Inaccessible Islands
- Location of the Inaccessible Islands in the South Orkney Islands

Geography
- Location: Antarctica
- Coordinates: 60°34′S 46°44′W﻿ / ﻿60.567°S 46.733°W
- Highest elevation: 215 m (705 ft)

Administration
- Administered under the Antarctic Treaty System

Demographics
- Population: 0

= Inaccessible Islands =

Islands of Antarctica

The Inaccessible Islands ("Islas Inaccesibles" in Spanish) are a group of small precipitous islands ranging from 120 to 215 m high, the westernmost features of the South Orkney Islands, lying 20 km west of Coronation Island in Antarctica.
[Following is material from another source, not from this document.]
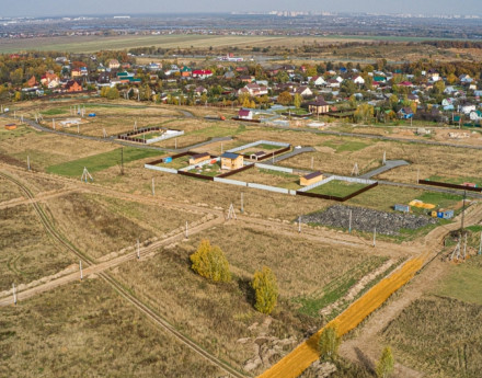 Землевладения — их размер начинается от 8 соток, предлагаются без строительного подряда. В поселок проведено электричество, готовы внутренние дороги и въездная группа с постом охраны.

They were discovered in December 1821 by Captain George Powell, a British sealer in the sloop James Monroe, though it is possible they are the "Seal Islands" seen by Nathaniel Palmer a year earlier. The islands were so named by Powell because of their appearance of inaccessibility. They are considered part of the British Antarctic Territory by the United Kingdom and part of the Province of Tierra del Fuego by Argentina.

==Important Bird Area==
The islands have been identified as an Important Bird Area (IBA) by BirdLife International because they support a large breeding colony of southern fulmars (50,000 pairs). Other birds nesting at the site include chinstrap penguins (1,000 pairs) and Antarctic shags (100 pairs).